Explanations > Memory > Long-term Memory

Description | Discussion | So what?

 

Description

Long-term memory is where all of our memories are stored. If something does not reach this, then for all intents and purposes, it does not exist for us.

It is one thing to have thing fall into long-term memory, but it is another to get them back out again. There are two types of retrieval: recall and recognition. Recall is where you deliberately recall something by means of thinking alone. What were you doing a week ago from today? Getting back this memory is recall.

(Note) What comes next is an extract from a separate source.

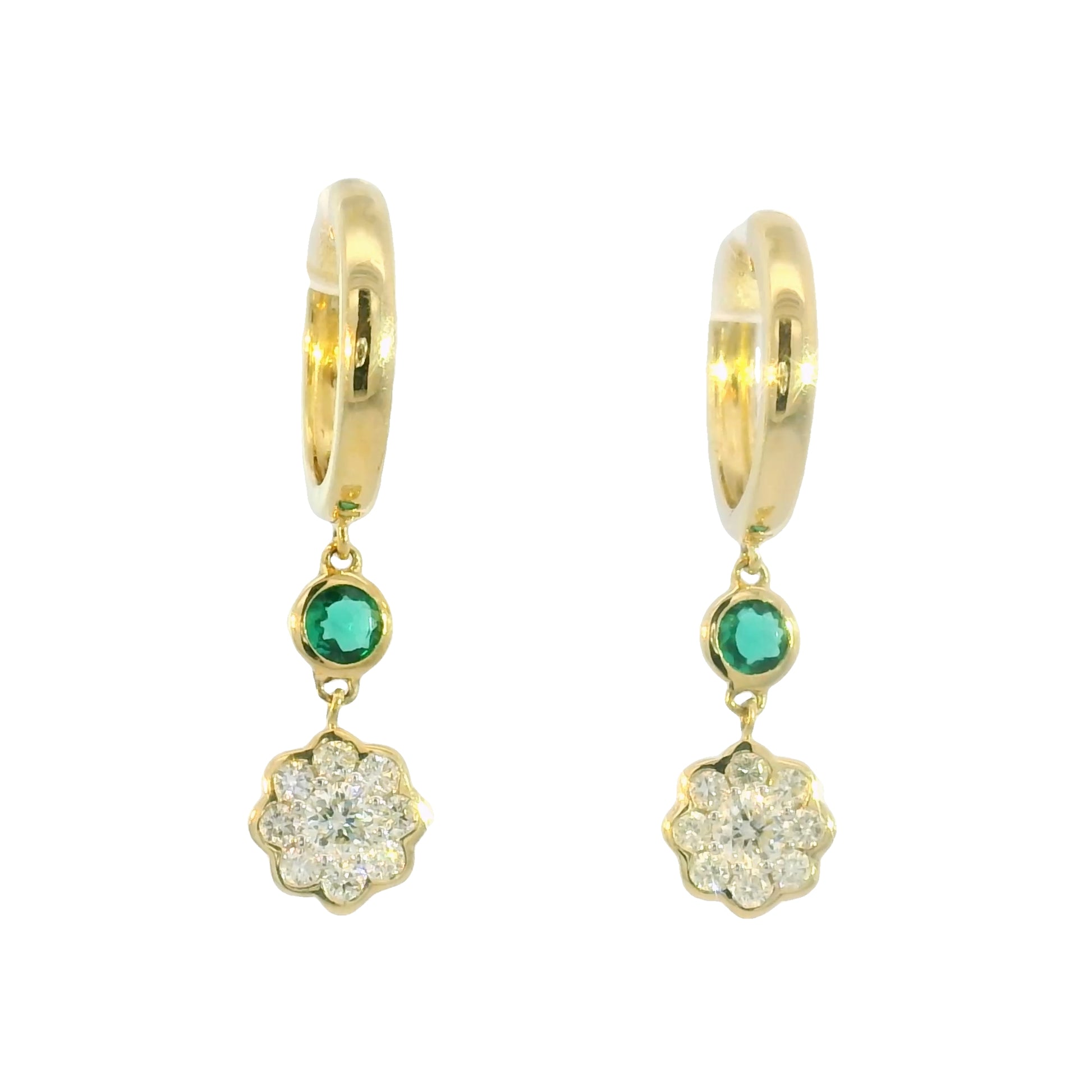Say hello to timeless charm with the Liora drop earrings. Yellow gold adorned with lush emeralds and brilliant diamonds, these earrings bring subtle elegance and refined sparkle to your jewelry rotation.

There are many types of long-term memory, including:

  • Declarative (explicit) memory: Knowledge of facts and events.
    • Episodic (autobiographical) memory: memories of events and periods.
      • Flashbulb memory: memories of vivid periods.
      • Source memory: of where and when the event occurred (often fades with time).
    • Semantic memory: Knowledge of concepts and meaning.
    • Prospective memory: Thoughts about the future.
  • Procedural (nondeclarative, implicit) memory: Knowledge of how to do things.
    • Skills and abilities.
    • Conditioning and subconscious responses.

Discussion

Long-term memory was described by James (1890) as secondary memory (short-term memory being called primary memory).

Different types of memory may be impacted by various diseases. For example Alzheimer's Disease particularly affects episodic memory whilst Semantic Dementia affects semantic memory.

So what?

When asking a person to store or recall memories, consider the type of memory involved and the implications of this.